Wednesday, August 18, 2010

Boles II Fosamax® Attorney Conduct Pleading: "Good For Goose? Good For Gander."

One of Shirley Boles' best trial lawyers -- the one the very-able federal District Court Judge Keenan recently ordered to explain why a hearing for sanctions (or other greivance proceedings), ought not be convened -- filed 68 pages(!) of responsive pleadings, in anticipation of the September 9, 2010 argument on related rules to show cause, before Judge Keenan. [Mrs. Boles won an $8 million Fosamax® ONJ verdict from Merck, earlier this summer.]

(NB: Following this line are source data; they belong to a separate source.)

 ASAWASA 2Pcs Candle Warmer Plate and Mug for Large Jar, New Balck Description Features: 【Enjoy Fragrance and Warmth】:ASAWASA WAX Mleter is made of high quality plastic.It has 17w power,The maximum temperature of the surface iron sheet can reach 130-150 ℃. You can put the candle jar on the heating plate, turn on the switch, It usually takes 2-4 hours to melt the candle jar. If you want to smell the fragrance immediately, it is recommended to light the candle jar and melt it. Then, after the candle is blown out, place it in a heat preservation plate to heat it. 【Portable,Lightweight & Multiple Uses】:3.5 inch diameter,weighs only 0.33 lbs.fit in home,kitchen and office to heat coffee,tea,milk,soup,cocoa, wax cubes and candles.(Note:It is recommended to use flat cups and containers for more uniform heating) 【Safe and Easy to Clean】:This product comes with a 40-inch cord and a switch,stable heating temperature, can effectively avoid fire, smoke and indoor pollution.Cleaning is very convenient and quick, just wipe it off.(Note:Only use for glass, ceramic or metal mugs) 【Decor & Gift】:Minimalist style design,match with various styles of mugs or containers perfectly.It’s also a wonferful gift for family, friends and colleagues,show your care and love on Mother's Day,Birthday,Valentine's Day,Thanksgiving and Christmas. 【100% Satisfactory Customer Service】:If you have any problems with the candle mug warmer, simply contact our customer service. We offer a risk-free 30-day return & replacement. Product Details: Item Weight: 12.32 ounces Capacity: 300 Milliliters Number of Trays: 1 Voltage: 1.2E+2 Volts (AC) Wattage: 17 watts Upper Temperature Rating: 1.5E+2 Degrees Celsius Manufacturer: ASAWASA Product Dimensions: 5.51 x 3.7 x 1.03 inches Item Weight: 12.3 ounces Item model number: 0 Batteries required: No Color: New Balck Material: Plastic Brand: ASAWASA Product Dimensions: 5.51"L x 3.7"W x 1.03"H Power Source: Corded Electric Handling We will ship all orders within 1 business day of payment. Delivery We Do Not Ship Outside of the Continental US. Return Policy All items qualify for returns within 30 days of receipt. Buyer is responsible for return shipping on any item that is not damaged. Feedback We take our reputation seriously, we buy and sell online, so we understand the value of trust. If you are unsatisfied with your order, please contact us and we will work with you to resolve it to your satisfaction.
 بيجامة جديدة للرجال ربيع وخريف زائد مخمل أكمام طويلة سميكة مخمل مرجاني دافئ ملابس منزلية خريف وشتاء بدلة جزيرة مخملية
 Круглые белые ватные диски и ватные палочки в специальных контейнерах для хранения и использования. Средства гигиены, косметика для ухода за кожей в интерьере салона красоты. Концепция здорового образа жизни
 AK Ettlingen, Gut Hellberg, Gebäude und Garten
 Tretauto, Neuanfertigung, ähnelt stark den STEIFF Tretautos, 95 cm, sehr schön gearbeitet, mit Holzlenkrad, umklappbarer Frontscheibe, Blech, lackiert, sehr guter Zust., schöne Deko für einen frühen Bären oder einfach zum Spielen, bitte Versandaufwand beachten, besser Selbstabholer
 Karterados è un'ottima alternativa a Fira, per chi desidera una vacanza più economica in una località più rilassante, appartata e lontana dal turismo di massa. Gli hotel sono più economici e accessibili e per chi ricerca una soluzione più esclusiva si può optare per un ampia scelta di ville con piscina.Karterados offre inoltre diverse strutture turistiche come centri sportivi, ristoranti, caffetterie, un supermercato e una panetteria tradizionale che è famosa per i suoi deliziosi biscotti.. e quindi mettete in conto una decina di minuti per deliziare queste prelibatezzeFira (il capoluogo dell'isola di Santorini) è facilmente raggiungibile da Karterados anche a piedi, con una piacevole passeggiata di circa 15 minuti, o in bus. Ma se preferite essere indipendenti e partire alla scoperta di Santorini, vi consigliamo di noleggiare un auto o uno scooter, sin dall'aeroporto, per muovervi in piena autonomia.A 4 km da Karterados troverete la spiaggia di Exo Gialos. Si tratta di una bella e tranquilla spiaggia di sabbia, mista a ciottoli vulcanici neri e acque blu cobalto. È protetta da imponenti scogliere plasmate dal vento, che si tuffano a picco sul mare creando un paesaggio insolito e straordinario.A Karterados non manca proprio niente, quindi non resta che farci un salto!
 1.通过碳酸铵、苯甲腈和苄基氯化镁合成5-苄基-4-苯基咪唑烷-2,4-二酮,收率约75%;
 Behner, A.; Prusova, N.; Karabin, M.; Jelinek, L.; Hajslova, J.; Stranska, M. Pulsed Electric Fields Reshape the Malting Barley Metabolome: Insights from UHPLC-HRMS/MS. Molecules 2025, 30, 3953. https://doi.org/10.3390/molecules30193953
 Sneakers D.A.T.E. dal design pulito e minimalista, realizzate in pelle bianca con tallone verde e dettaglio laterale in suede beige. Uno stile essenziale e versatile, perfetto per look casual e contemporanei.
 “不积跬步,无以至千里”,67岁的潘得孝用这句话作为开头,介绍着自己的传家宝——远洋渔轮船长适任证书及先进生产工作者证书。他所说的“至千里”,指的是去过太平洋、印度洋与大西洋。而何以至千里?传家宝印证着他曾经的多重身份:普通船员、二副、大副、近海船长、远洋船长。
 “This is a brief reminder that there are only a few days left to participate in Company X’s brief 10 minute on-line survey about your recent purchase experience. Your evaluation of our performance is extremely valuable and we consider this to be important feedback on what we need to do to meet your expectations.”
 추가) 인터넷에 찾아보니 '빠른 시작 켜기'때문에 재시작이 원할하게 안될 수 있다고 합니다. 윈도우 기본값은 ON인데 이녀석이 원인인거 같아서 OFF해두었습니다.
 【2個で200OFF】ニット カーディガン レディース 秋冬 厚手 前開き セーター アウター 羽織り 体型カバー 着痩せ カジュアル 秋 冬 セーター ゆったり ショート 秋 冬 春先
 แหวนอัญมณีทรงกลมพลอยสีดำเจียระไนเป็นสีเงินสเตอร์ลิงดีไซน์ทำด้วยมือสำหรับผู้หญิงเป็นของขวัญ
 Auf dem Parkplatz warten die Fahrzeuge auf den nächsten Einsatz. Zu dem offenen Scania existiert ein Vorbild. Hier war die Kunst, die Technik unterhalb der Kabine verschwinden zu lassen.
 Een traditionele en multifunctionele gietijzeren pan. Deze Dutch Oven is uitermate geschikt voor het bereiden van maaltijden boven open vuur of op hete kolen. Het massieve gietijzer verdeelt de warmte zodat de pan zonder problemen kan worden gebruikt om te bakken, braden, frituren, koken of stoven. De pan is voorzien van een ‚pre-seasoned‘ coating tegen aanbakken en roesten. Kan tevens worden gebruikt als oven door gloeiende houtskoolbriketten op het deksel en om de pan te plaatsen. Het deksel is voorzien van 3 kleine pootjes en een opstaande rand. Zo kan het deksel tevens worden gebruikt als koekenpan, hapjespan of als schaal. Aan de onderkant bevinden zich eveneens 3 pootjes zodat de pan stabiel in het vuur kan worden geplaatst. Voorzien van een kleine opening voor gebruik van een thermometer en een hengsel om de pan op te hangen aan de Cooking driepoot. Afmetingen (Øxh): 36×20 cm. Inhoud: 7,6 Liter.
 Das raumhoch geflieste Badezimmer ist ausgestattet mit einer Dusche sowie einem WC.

Inside the 68-pager, this lawyer points to several very interesting factual matters. Not least of which is that Merck's lawyers also used some rather "colorful" visual aids, in summation (click at right). The image at right is an enlargement of a ficticious "check" Merck's trial counsel showed to the jury. [At bottom, centered, I have set the entire image from the Merck PowerPoint® slide, for accurate context (it includes a little additional commentary -- overlaid in color, by this blog author). Click both to enlarge.] Here's the plaintiff-lawyer's corresponding argument passage:

. . . .I must point out that I have always understood that a lawyer cannot argue his or her own personal views of the evidence; but, at the same time, I have never understood there to be a blanket prohibition to arguing before a jury that certain evidence was the truth. In fact, I am confident defense counsel would have to agree that there is no prohibition in this regard. After all, one PowerPoint slide used by the defense in summation (attached hereto as “Exhibit D”) contained a picture of Check 2400, which read: “‘Pay to the Order of’ The Truth” (and the term “The Truth” was in very large typeface). Moreover, the check made payable to “The Truth” was signed by “John Keenan” (and the words “John Keenan” were in very large typeface). . . .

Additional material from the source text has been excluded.